I second that. Didn't miss much. we made it to the beer can about 2 am sunday morning. nothing but blackfin. ran to the ram and chunked.....more blackfin. started trolling at dawn along with 5 or 6 other boats picked up 2 blacks trolling. didn't see any of the other boats bring in any yellows. did bother with the marlin just headed in to pick up the ajs then home


----------



## bonita dan (Oct 3, 2007)

50lb Yellowfin is still better than no Yellowfin and they cook up great. Good job guys. :thumbup: A couple weeks ago the Yellows where marking down about 200-250ft.and we got a couple on knife and large diamond jigs. We tried weighted chunk baits but that didn't work.


----------



## tims1028 (Apr 13, 2009)

Yea we tried a live hard tail on the marlin but by the time we got the bait in the water he was long gone. If we would have got it in about 30 seconds earlier I think it would've been game on. He was hungry and ready to go, we just weren't prepared for him. He wasn't that big maybe 2 250, but it was definitely a sight to see. Yes, the yfs were down deep, we didn't get any runs up top. That was the problem just getting the baits to the right depth.


----------



## reel_crazy (Oct 1, 2007)

ya got blood on the boat, that counts for something.. btw that pretty blue boat looks like the miss scarlet.. 

rich


----------



## samoajoe (Dec 28, 2010)

tims1028 said:


> Yea we tried a live hard tail on the marlin but by the time we got the bait in the water he was long gone. If we would have got it in about 30 seconds earlier I think it would've been game on.
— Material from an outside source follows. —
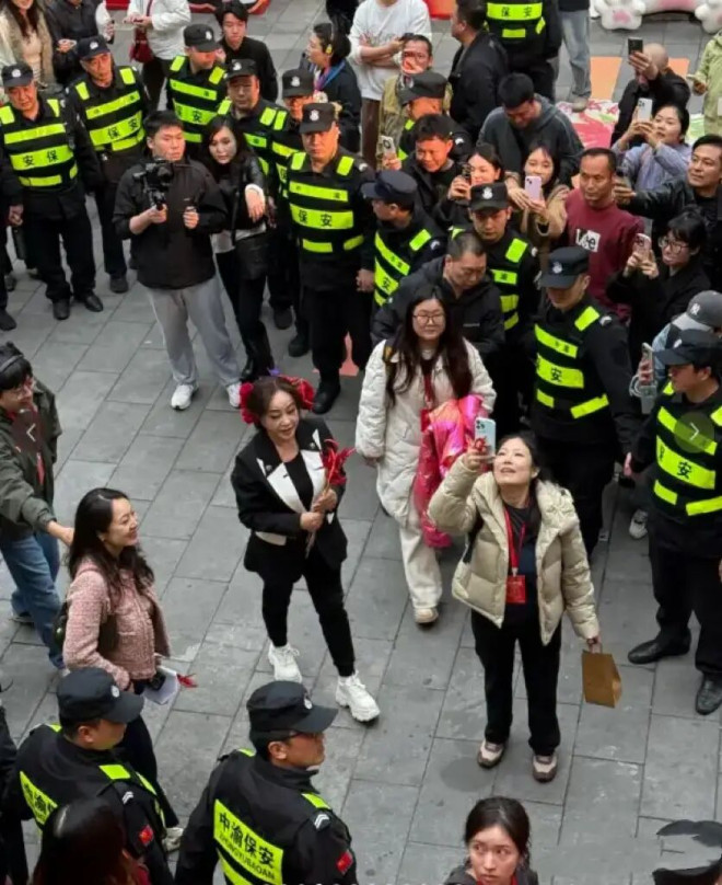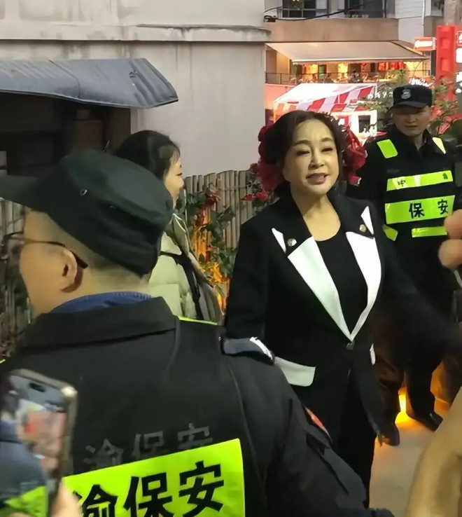 当天刘晓庆现身时,排场还是挺大的,周围围了一圈保安、简直比围观的群众还要多。

He was hungry and ready to go, we just weren't prepared for him. He wasn't that big maybe 2 250, but it was definitely a sight to see. Yes, the yfs were down deep, we didn't get any runs up top. That was the problem just getting the baits to the right depth.


 

Sorry you missed a shot at it, sounds like it may have eaten just about anything.


----------



## LITECATCH (Oct 2, 2007)

Yea the blue boat is Miss Scarlet. They ended up with 13 yellow fin and a small dolphin. 1 reef donkey about 45 to 50. (its in my cooler along with some yellow). I made some sushi rolls last night with some of the yellow fin!


----------



## MSViking (Oct 11, 2007)

Any day you can stand on the livewell at Ram Powell is a good day! How and where did you catch the hardtails? I have not been able to find any lately?


----------



## tims1028 (Apr 13, 2009)

Where did the Miss Scarlet catch all their fish? When they left ram it looked like they headed SE? We were wishing that Horn Mountain was open the whole time we were out there.


----------